The MEDUSA dual-robot system stems from a gap in our ability to quickly send out robots to aquatic environments. Indeed, while other novel geometries may provide increase range and longer missions, they are often too complex at this stage to be readily deployed. On the other hand, MEDUSA relies on a standard drone structure for aerial flight. This dramatically speeds up development, allowing us to showcase a fully working Drone system that is capable of underwater exploration. This research has been possible thanks to the relentless work of Diego Debruyn, a brilliant EPFL student who poured his heart into the project. It is my great pleasure to announce its selection for the IROS 2020 conference and for publication in the Robotics and Automation Letters.

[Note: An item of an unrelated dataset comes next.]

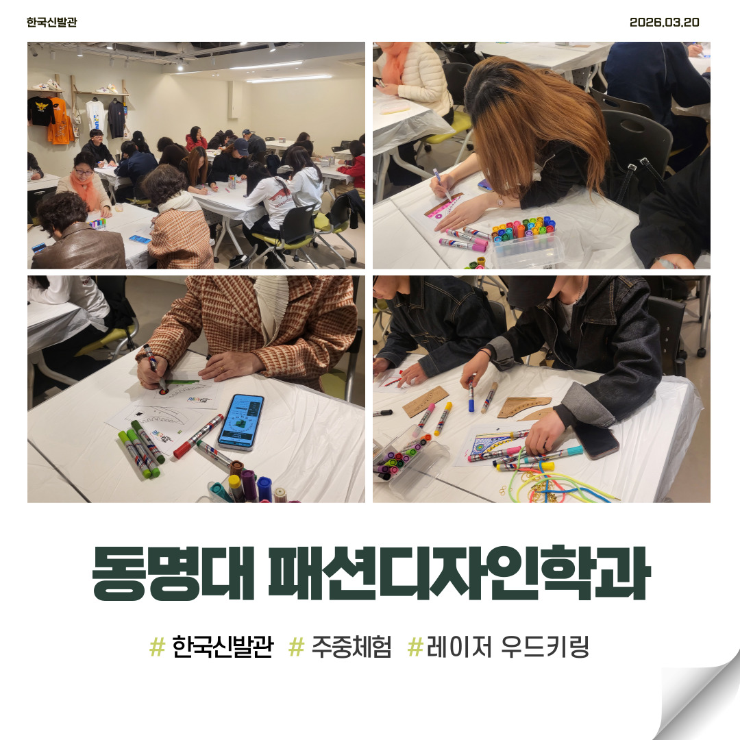 동명대학교 패션디자인 학과에서 방문해주셨습니다.즐거운 추억으로 남길 바라며..다음 기회에 또 만나요.한국신발관에서 주중체험에 참여하실 단체/기관을 모집하고 있습니다.많은 관심부탁드려요(문의: (051)898-9300)#한국신발관 #부산테크노파크 #주중체험 #부산단체체험 #신발 #부산가볼만한곳 #개금

Lateral and vertical locomtion of the underwater pod through the use of a soft bladder.

MEDUSA: A Multi-Environment Dual-Robot for Underwater Sample Acquisition

Robotics and Automation Letters 2020

Aerial-aquatic robots possess the unique ability of operating in both air and water. However, this capability comes with tremendous challenges, such as communication incompatibility, increased airborne mass, potentially inefficient operation in each of the environments and manufacturing difficulties. Such robots, therefore, typically have small payloads and a limited operational envelope, often making their field usage impractical. We propose a novel robotic water sampling approach that combines the robust technologies of multirotors and underwater micro-vehicles into a single integrated tool usable for field operations. The proposed solution encompasses a multirotor capable of landing and floating on the water, and a tethered mobile underwater pod that can be deployed to depths of several meters. The pod is controlled remotely in three dimensions and transmits video feed and sensor data via the floating multirotor back to the user. The `dual-robot' approach considerably simplifies robotic underwater monitoring, while also taking advantage of the fact that multirotors can travel long distances, fly over obstacles, carry payloads and manoeuvre through difficult terrain, while submersible robots are ideal for underwater sampling or manipulation. The presented system can perform challenging tasks which would otherwise require boats or submarines. The ability to collect aquatic images, samples and metrics will be invaluable for ecology and aquatic research, supporting our understanding of local climate in difficult-to-access environments.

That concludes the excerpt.